Isso significa que Deus responde a essa fome com fartura espiritual real. A alma que clama por justiça será preenchida — não com justiça própria, não com justiça aparente, mas com Cristo mesmo, que é a nossa justiça (1Co 1:30).
A promessa não é só para o futuro. Ela já começa aqui. Todo aquele que nasceu de novo e tem fome de justiça experimenta, ainda nesta vida, momentos de plenitude espiritual, onde o coração é tomado por uma alegria que o mundo não entende.
Mas essa fartura é também escatológica. Um dia, seremos completamente libertos do pecado, da carne, do mundo e da injustiça. Estaremos no Reino de Cristo, vendo com os olhos aquilo que hoje só tocamos pela fé. E naquele dia, a promessa será plenamente cumprida:
“Jamais terão fome, nunca mais terão sede... porque o Cordeiro que está no meio do trono os apascentará” (Apocalipse 7:16-17).
Essa é a beleza da promessa. Não é você quem se alimenta. Deus é quem te farta. Ele é o pastor, Ele é a mesa, Ele é o pão, Ele é o vinho, Ele é a fartura.
O Salmo 23 diz: “Preparas uma mesa na presença dos meus adversários... o meu cálice transborda.” Isso é ser farto! Mesmo diante da dor, da escassez, da perseguição — a alma está alimentada com o que vem do alto.

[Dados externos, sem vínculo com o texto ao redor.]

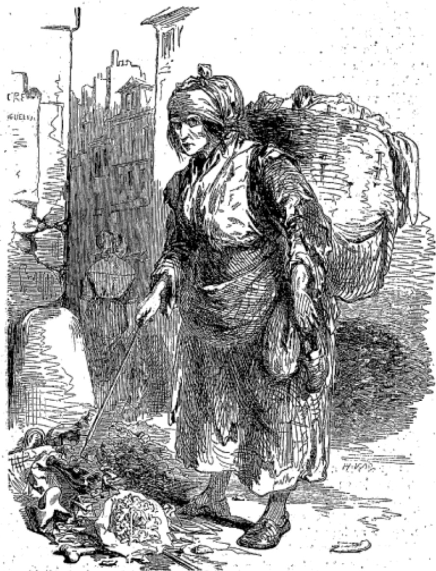
Le bouquet du lendemain.
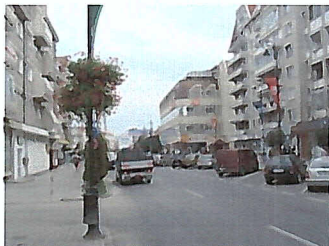
Vedere bloc de locuinte
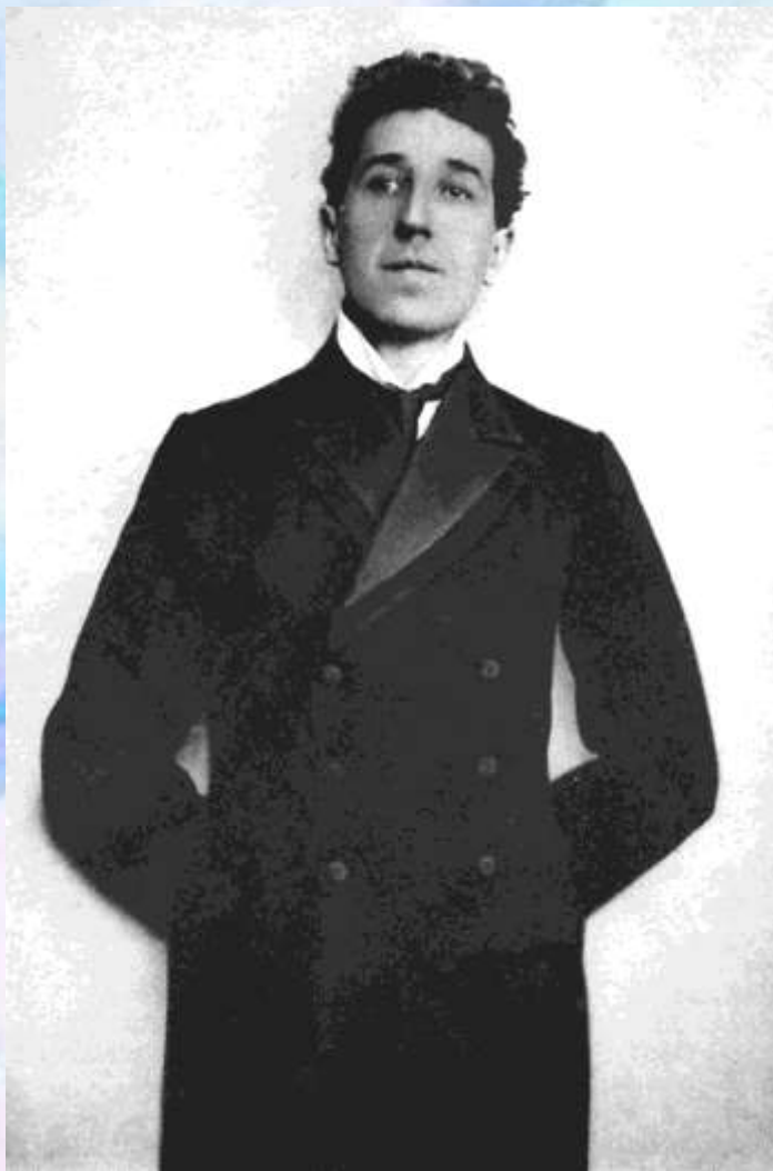
Игорь-Северянин. 1916 год
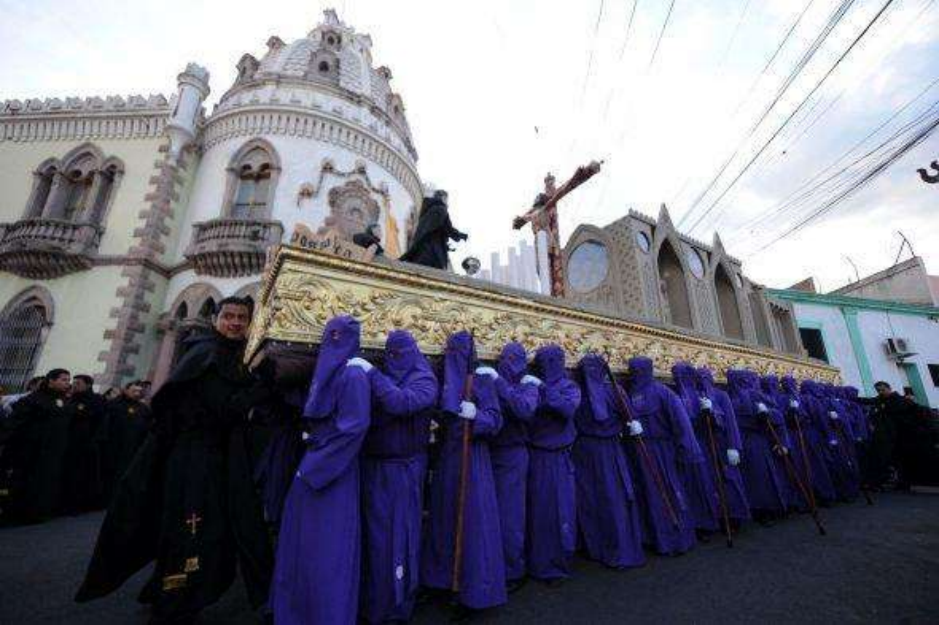
Cientos de personas desfilan por las calles de Tegucigalpa, Honduras
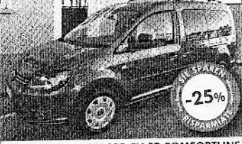
VW CADDY 1.6 TDI 102 CV 5P COMFORTLINE 09/2010, taffee brown met., 41.000 km, € 21.900
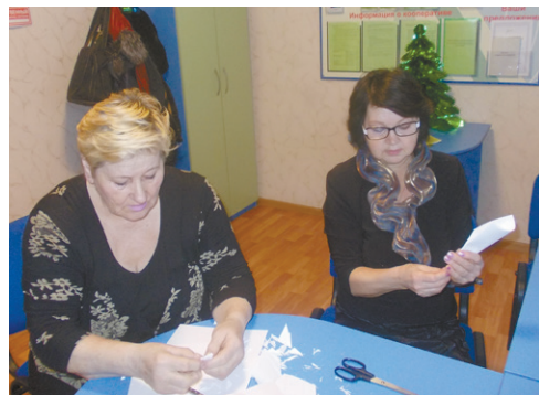
С. Нижняя Тавда

В свою очередь мы тоже поздравляем всех с Новым годом и Рождеством, желаем исполнения всех загаданных Вами желаний и семейного благополучия!
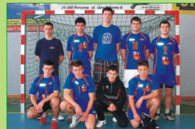
Drużyna chłopców I Liceum Ogólnokształcącego w Parczewie
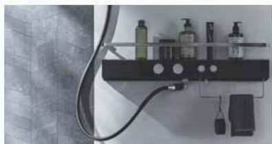
スゴピカシェルフ水栓
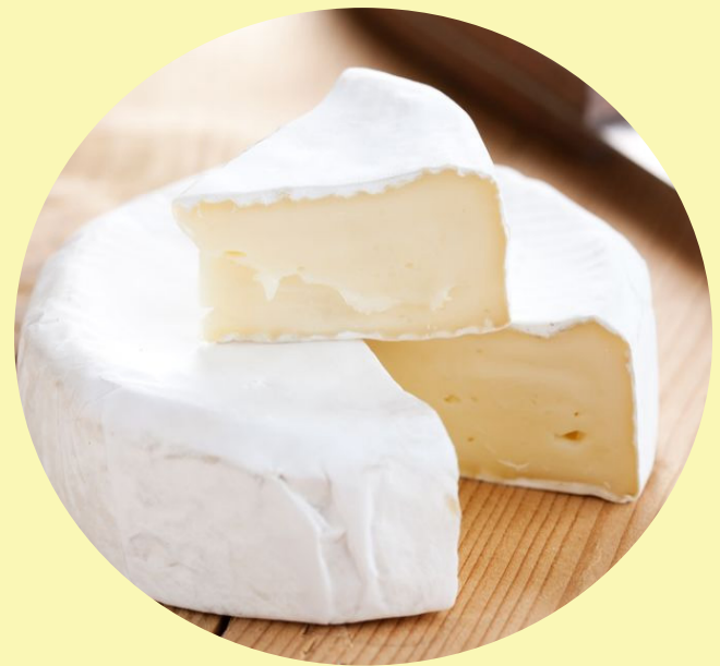
Brie L'Extra double crème (Agropur) 37.46$/kg
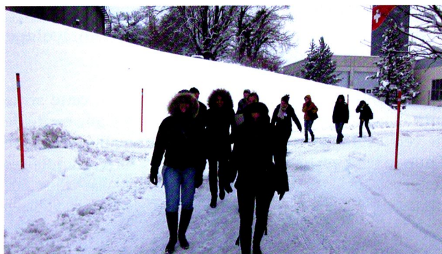
Team de projet, en route pour une visite des principaux bâtiments touchés par le projet.
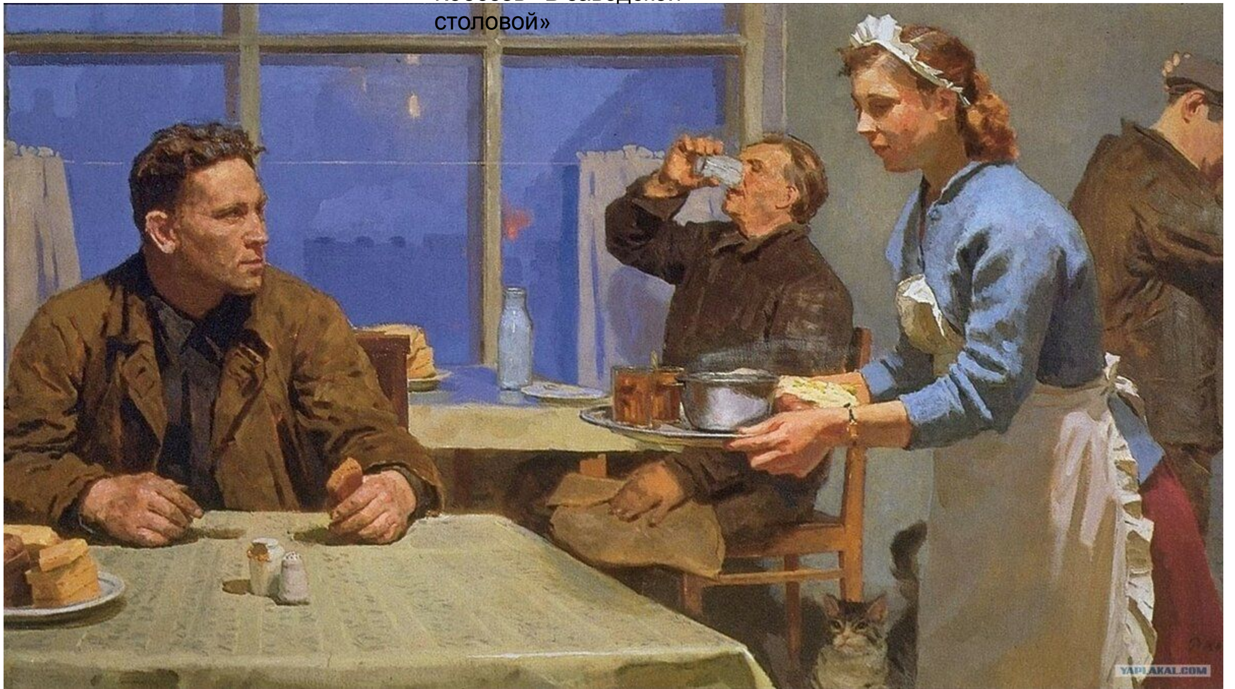
Кобозев «В заводской столовой»
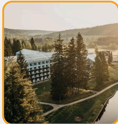
Resort Devět Skal
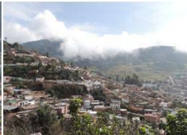
110 Barrio Santa Marta
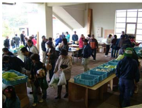
写真2 産直施設販売状況

施設開設と合わせて産直施設をオープンし、5月下旬～11月下旬の週末営業を行い、山菜やきのこ、高冷地野菜を販売しており、また、平成24年度には、山形県森のめぐみ王国やまがた支援事業の補助を受けて加工施設の整備を行い、年間を通じた農林産物の加工・販売が可能になった。これらのことにより、県内外からのファンを集め、交流拡大や農業振興、経済活性化に寄与する結果となっている。
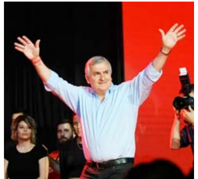
El presidente del radicalismo a nivel nacional y titular de la UCR, Gerardo Morales, lanzará su candidatura presidencial.

parques eólicos, podría no llegar a ser suficiente. Hoy las encuestas lo ubican con un 6% de respaldo social para ser Presidente.
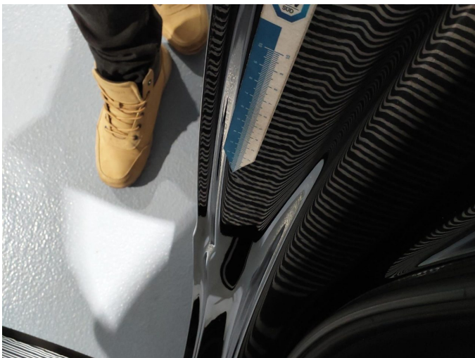
Gebrauchsspur 6: Seitenwand rechts: Seitenwand - Delle(n) - kein Abzug
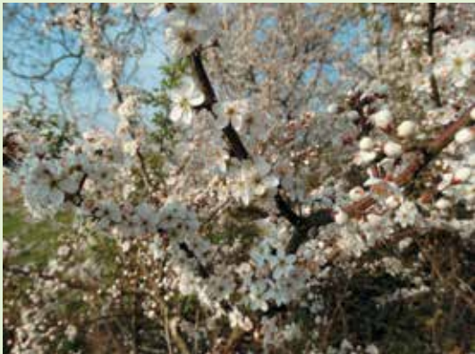
Een Zeeuwse haag met sleedoorn, geliefd bij veel insectensoorten en bij zangvogels om er een nest in te maken.

SLZ is goed thuis in de ecologie van dier- en plantsoorten van het agrarisch (of cultuur-)landschap en inventariseert regelmatig verschillende soorten die hier thuishoren, om zo een vinger aan de pols te houden. Er worden waar mogelijk passende maatregelen genomen om kwetsbare soorten te ondersteunen. En dat is hard nodig. Ook krijgen her en der in Zeeland bijvoorbeeld de meidoorn, karakteristieke heggen (de 'Zeeuwse haag'), steenuil, kamsalamander, rugstreeppad, patrijs en wilde bij een steuntje in de rug. SLZ draagt eraan bij dat de biodiversiteit toeneemt door kruidenrijke graslanden te ontwikkelen en op geschikte plekken bijna vergeten graansoorten te zaaien en oude fruitrassen te planten.
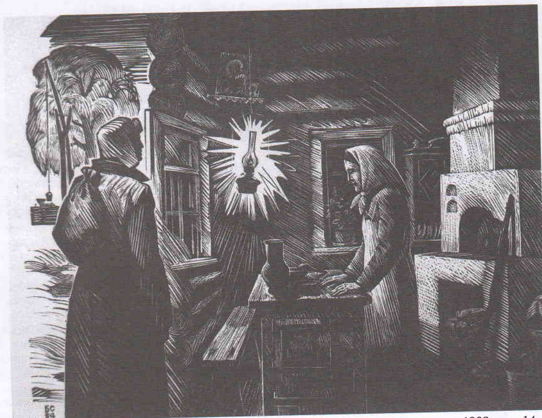
Склярук Б.Н. 1937 г. Иллюстр. к рассказу «Русский характер» А. Толстого. 1982. ксл. 14x18
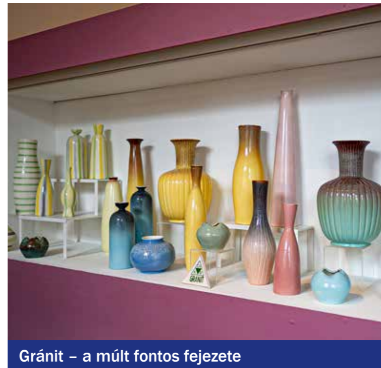
Gránit – a múlt fontos fejezete
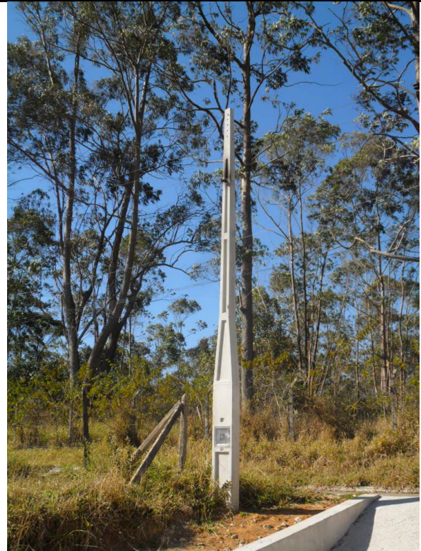
Foto 4 – No momento da vistoria não havia energização por parte da distribuidora de energia.
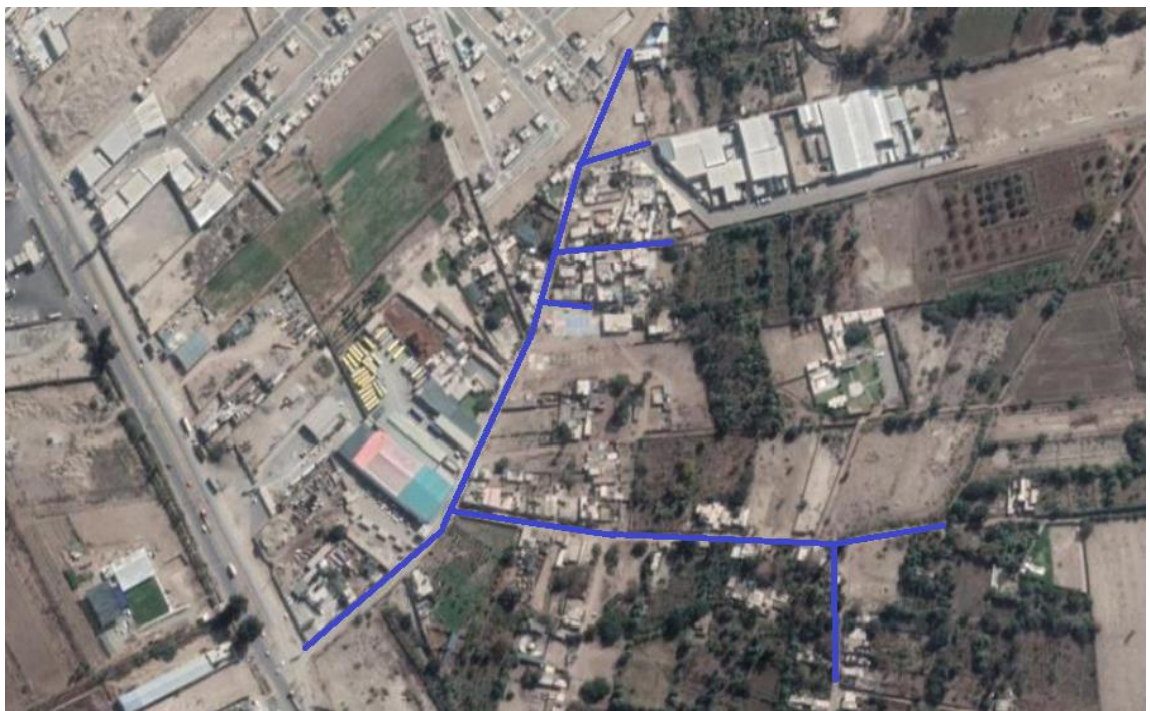
Figura 10 Zona 4 Servicio de recolección de residuos sólidos
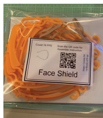
▲ 面罩包装袋，里面有待组装的架子和面罩膜
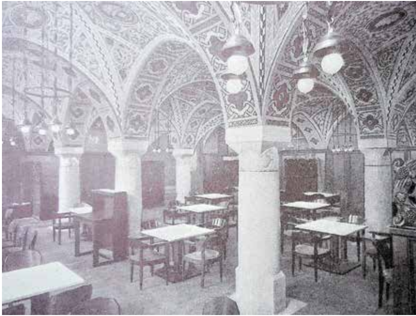
Das Neue Rathaus wurde nach Plänen von Stadtbaurat Richard Möbius erbaut und im September 1911 eingeweiht. Auf dem historischen Foto ist das prachtvolle Interieur des Ratskellers (Neumarktsteite) zu sehen.
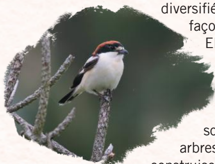
Pie-grièche à tête rousse

Les pies-grièches affectionnent les paysages diversifiés de bocage, façonnés par l'élevage. Elles apprécient les prairies riches en fleurs, entourées de haies et ponctuées d'arbres isolés. Ce sont d'ailleurs dans ces arbres et arbustes qu'elles construisent leur nid.
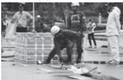
まっすぐにホースを伸ばす
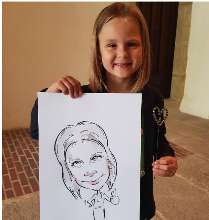
Návštěvníci zámku dostali na památku svou karikaturu.
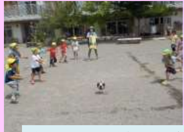
自分たちでチームを作って楽しめる ドッジボールやサッカー◎
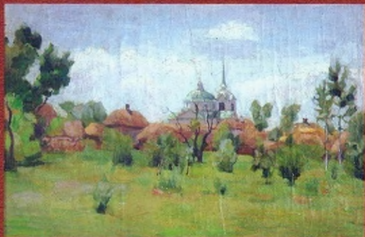
Церковь в селении. 1901-1903
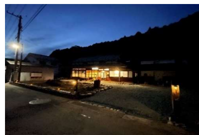
我が家に明かりが灯りました

中山ゆたか石城録をご覧頂きありがとうございます。私事ですが新年度より『石城の便利屋さん』改め、『石城のなんでも屋』と名乗らせていただきます。（何でも出来るようになりたいという思いを込めて）年度末年始はお引越しのお手伝いや家具の移動、草刈り、庭木の剪定などのご依頼を多くいただきました。一人親方ですので出来る事に限りはありますが、安くて迅速丁寧を目指して頑張りますので今後ともよろしくお願いいたします。
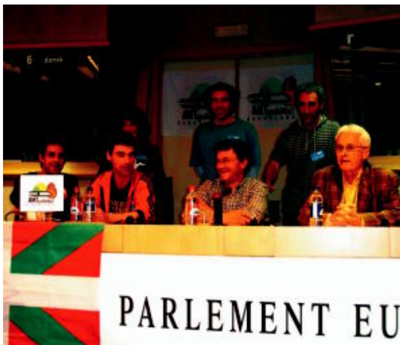
Tolosaldeko ordezkariak Koldo Gorostiaga Europako legebiltzarkidearekin. HITZA

UDALAK ▶ Tolosaldeko ordezkariak baziren tartean; Aduna eta Gazteluko udalek sostengua eman dute ▶ 5
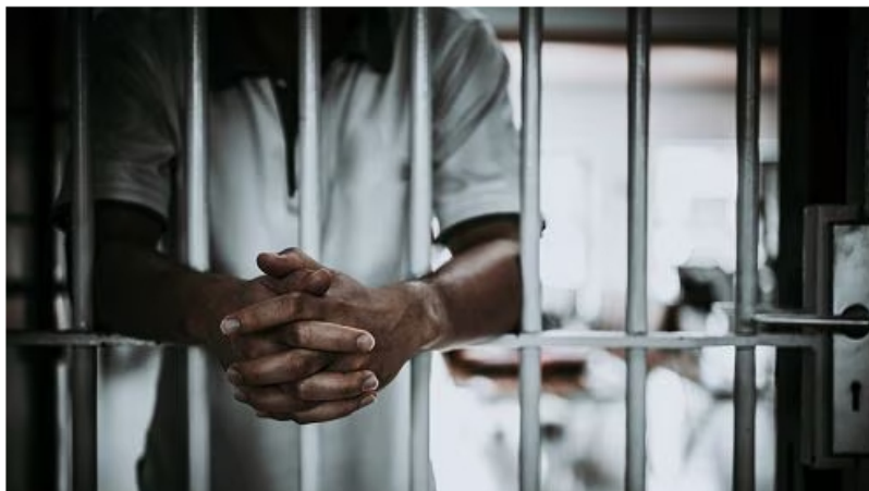
Luis Pachón fue sentenciado a 10 años y 10 meses de prisión, además de ser multado con una suma equivalente a 272 salarios mínimos mensuales legales vigentes (Imagen de referencia).

Para el ente acusador, esta condena es un ejemplo de la lucha contra la corrupción en el país y sirve para enviar un mensaje claro de que aquellos que cometan este tipo de delitos enfrentarán las consecuencias legales correspondientes.
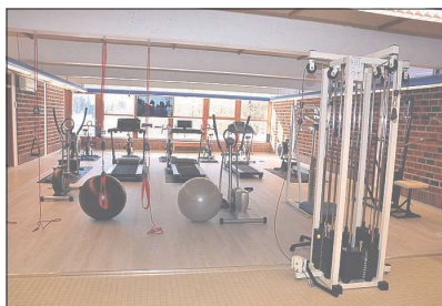
NYTT TRENINGSSENTER: Klart for bruk av kjente og ukjente muskler til alle døgnet tider.

E aqui vale um alerta pastoral: a promessa é para quem tem fome e sede. Jesus não promete nada para quem está satisfeito com sua vida religiosa, para quem acha que já está bem, que já “conhece” a Palavra, já é “maduro”, já “entendeu o Evangelho”.
A alma que vive satisfeita com a superfície jamais conhecerá a fartura do Reino.
O Espírito Santo não enche copos virados para baixo. Não farta quem não tem apetite. Mas para aquele que diz: “Senhor, eu quero ser justo, quero ser como Jesus, quero o teu caráter em mim!” — a promessa é clara: “será farto.”
Portanto, irmãos, se hoje há fome e sede em você — alegre-se. Você é bem-aventurado. Você está vivo. Você está no caminho do Reino. Continue subindo essa escada. Continue desejando ardentemente a justiça do Rei. E confie: você será alimentado. Não pela mão dos homens, mas pelo próprio Deus.
E um dia, diante do trono, você estará completamente saciado, cheio da glória dEle — e não terá mais fome nem sede, porque terá Cristo eternamente.